Rep. Ro Khanna, a leading progressive Democrat, said Sunday that he will not enter the primary to replace retiring Sen. Dianne Feinstein (D) of California and will instead support another candidate, Rep. Barbara Lee.
Khanna, who was a co-chair of Vermont Sen. Bernie Sanders’s 2020 presidential bid, said he will co-chair Lee’s campaign for the Senate.
Feinstein, 89, has held the seat since 1992 and announced last month that she will not seek reelection next year. Along with Lee, who is 76, Reps.
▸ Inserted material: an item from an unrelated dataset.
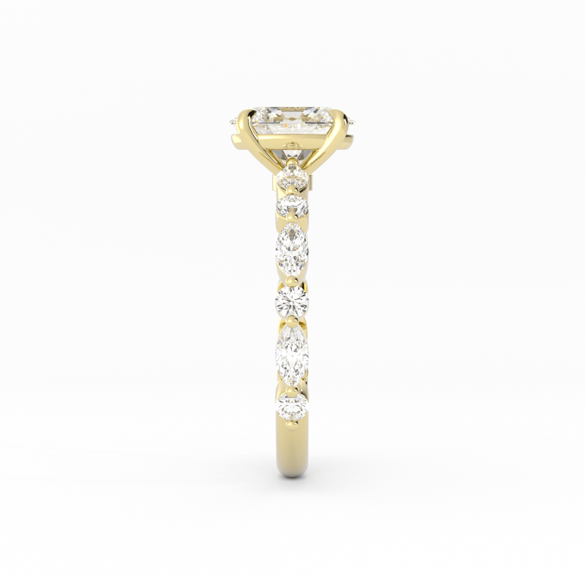 Graceful and eye-catching, this engagement ring features an oval center stone set with four claw prongs, complemented by a band adorned with alternating marquise and round stones that extend 2/3 down the shank—offering a romantic blend of sparkle, shape, and timeless elegance.
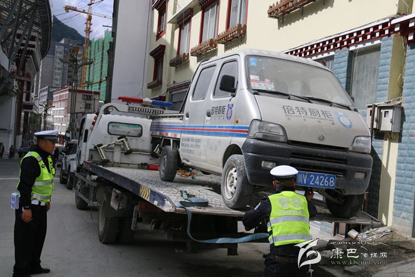 本網(wǎng)訊(記者 鄧安華 唐闖 文/圖)2日上午,記者在康定市北門(mén)體育場(chǎng)附近看見(jiàn)幾名交警正在拖移亂停亂放在街邊的一臺(tái)車(chē)輛。據(jù)悉,為保證藝術(shù)節(jié)期間康定主城區(qū)的交通順暢,康定市公安局交警大隊(duì)從當(dāng)天起以康定主城區(qū)為中心,嚴(yán)厲查處影響交通秩序的各類(lèi)突出交通違法行為。

Katie Porter, 49, and Adam B. Schiff, 62, both House Democrats, are running to replace Feinstein.
When CNN host Jake Tapper asked Khanna if he thought Schiff was a progressive, Khanna replied, “I’m glad that he is now for Medicare-for-all and some of the progressive policies.” Khanna is a deputy whip of the Congressional Progressive Caucus, and Lee is a member and former chair; Porter is also a member, while Schiff applied to join the caucus but then withdrew. “If he wants to join, that’s great,” Khanna said. “But I think Barbara Lee has had the track record for the past 20 years, really to earn a lot of the progressive trust.”
Khanna said the field of candidates in the race played a role in his decision to support Lee. Both Porter and Schiff are White and from Southern California.
“We don’t have a single African American woman in the United States Senate,” Khanna said. “She would fill that role. She’ll be the only candidate from Northern California.”
Khanna added that he thought Lee could consolidate the backing of progressives in the state. “The other two are formidable candidates. But I think Barbara Lee is going to be very, very strong,” Khanna said.
Lee’s campaign also released a statement saying Lee and Khanna will host a “virtual grass roots event” together on Monday evening. Khanna said in the statement that Lee “will deliver” on key progressive priorities like Medicare-for-all, a Green New Deal and ending the filibuster in the Senate. Lee said she is “honored” to receive Khanna’s endorsement and promised to “deliver real change.”
Feinstein, the oldest member of Congress, has faced criticism that she spent too long in her seat, and there has been a lot of speculation about her health. The senator announced early this month that she would be away from Congress recovering from shingles. In announcing her retirement last month, she joked with reporters: “It’s not till the end of next year, so don’t hold your breath.”
California Gov. Gavin Newsom (D) had said that if Feinstein vacated the seat before her term was up, he would appoint a Black woman to fill the role.